Prior to the project, farmers grew a few, very old, varieties (Fig. 1) that had become susceptible to blast, such as PR 202 or Godavari (released in 1974 in Andhra Pradesh but adopted in Karnataka) or Indaf 5 (released in 1977 in Karnataka for irrigated conditions). Thus on-farm diversity was low and farmers harvested low yields from these old varieties.

Fig. 1. On-farm diversity of finger millet across all wealth categories of 150 farmers in 7 villages of three sub-districts of Karnataka, baseline survey, 1999

Types of Research Output

Major Commodities Involved:

This output is focused on varieties of finger millet in farming systems where this is the predominant crop. The PVS process can be applied to all crops (see PSP33 on the PVS process).

Production Systems:

Farming Systems:

Potential for Added Value:

In PVS, the new intervention is a crop variety or varieties, in this case of finger millet, which can be combined with the testing of other interventions that are synergistic with new crop varieties, e.g., seed priming (PSP27 and PSP30), community based seed production (PSP36), crop protection, improved crop agronomy, and improved methods of post-harvest storage for cereals. Since farmers evaluate varieties for all traits including fodder quantity and quality then clustering with improved livestock nutrition would be synergistic.

PVS as a technique (PSP33) can be used for all crops in all farming systems and is an essential component of client-oriented breeding (PSP34).
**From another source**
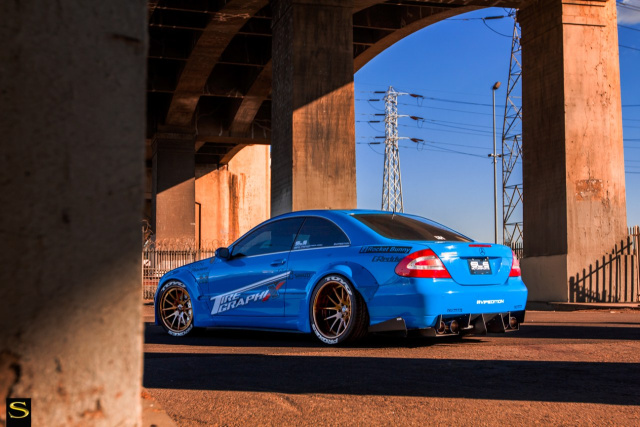 Gummi gibt der Renner mit Toyo Proxes Pneus der Dimension 265/30 vorn und 295/30 hinten. Jetzt mal Hand aufs Herz - und diese Aufforderung ist auch an diejenigen gerichtet, welche für sich einen dezenteren Weg der Autoveredleung gewählt haben: Der Rocket-Bunny-Benz hat doch was, oder etwa nicht? Dieses Zubehör katapultiert den Mercedes-Benz CLK mit Leichtigkeit aus der No-Go-Ecke und macht ihn im Kreise heftig getunter Sterne zum Eycatcher. (Bilder: Savini Wheels)
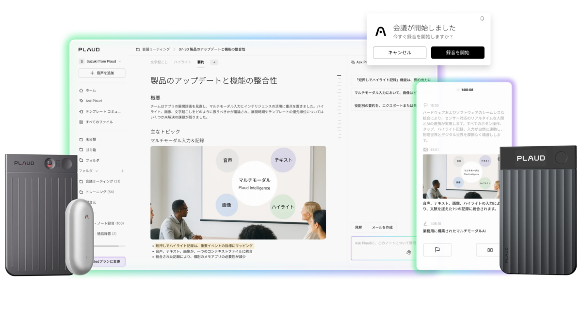 Plaudは、2023年に発表したAIボイスレコーダーシリーズが全世界ユーザー数累計150万人を突破し、世界で信頼されるAI議事録ソリューションを提供しています。「話す・聞く・見る・考える」といった日々の業務活動から知性を捉え、まとめ、活かせるようにするための次世代インテリジェンス基盤の構築をミッションに掲げています 。

The outputs of this project could be clustered with the following RNRRS outputs:

• NRSP, Participatory Technology Development, R7412
• CPP, Finger millet blast resistant varieties, R8445, R8030, R6733
• CPP, Linking demand with supply of agricultural information, R8429, R8281
• CPP, Good seed initiative, R8480
• CPP, Increasing effectiveness of research system, R8410

Validation

How the outputs were validated:

Baseline surveys indicated that 100% of farmers wanted high grain and fodder yield in a variety. Farmers also wanted an earlier maturing variety (105 days) with a medium height (100 cm), and medium sized compact ears (Table 2). Farmers also wanted a suitable variety for late sowing.
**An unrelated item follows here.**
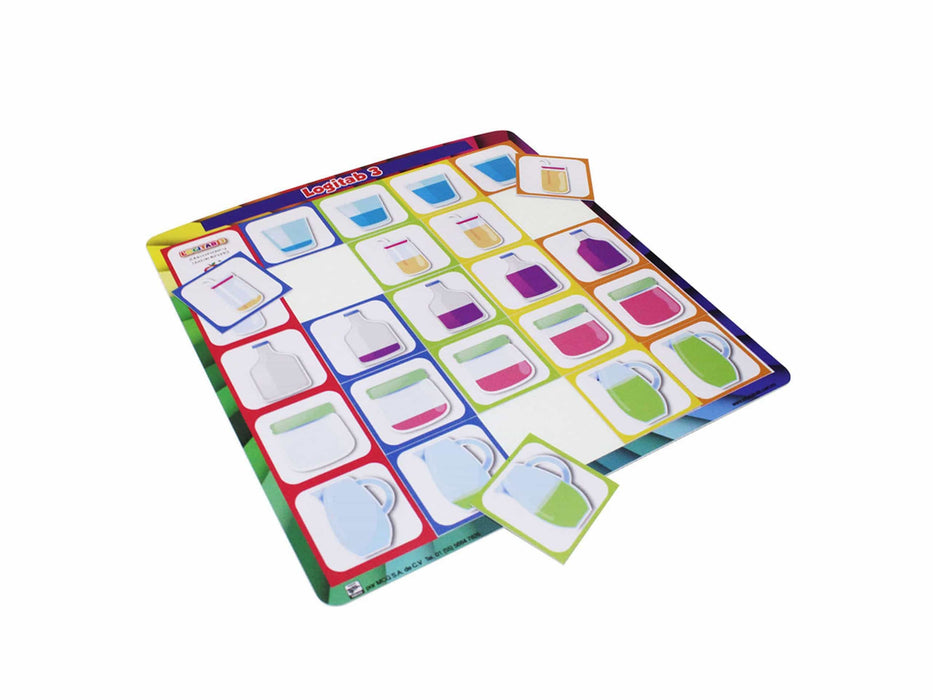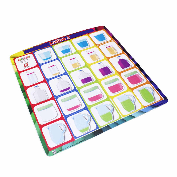 Desarrolla el pensamiento lógico matemático en el Tablero Logitab 3 Niveles de Llenado, utilizando dos variables para ordenar las 25 piezas con los envases y los niveles de llenado. Las piezas están elaboradas en material grado alimenticio e impresas con tintas libres de toxicidad.

Table 2. Characters preferred by farmers (baseline survey, 1999)

How validated: In the PVS trials in 1999, farmers were given six varieties that matched their criteria, to assess using a mother and baby design (Witcombe, 2002). In the baby trials, farmers were provided 1 kg of seed of each variety for comparison with their local check variety. All varieties were also grown together and with the check variety in two mother trials in five villages in order to compare them with one another.

In the rainy season of 2000, 45 on-farm trials were conducted in three villages with the farmer-preferred varieties GPU 26, GPU 28 and VL 305 to confirm the results from 1999.

The final step of PVS - the wider dissemination of farmer-preferred varieties - tests the acceptability of a variety on a much larger scale. Some wider dissemination of these three varieties has been done and has confirmed their acceptability to farmers.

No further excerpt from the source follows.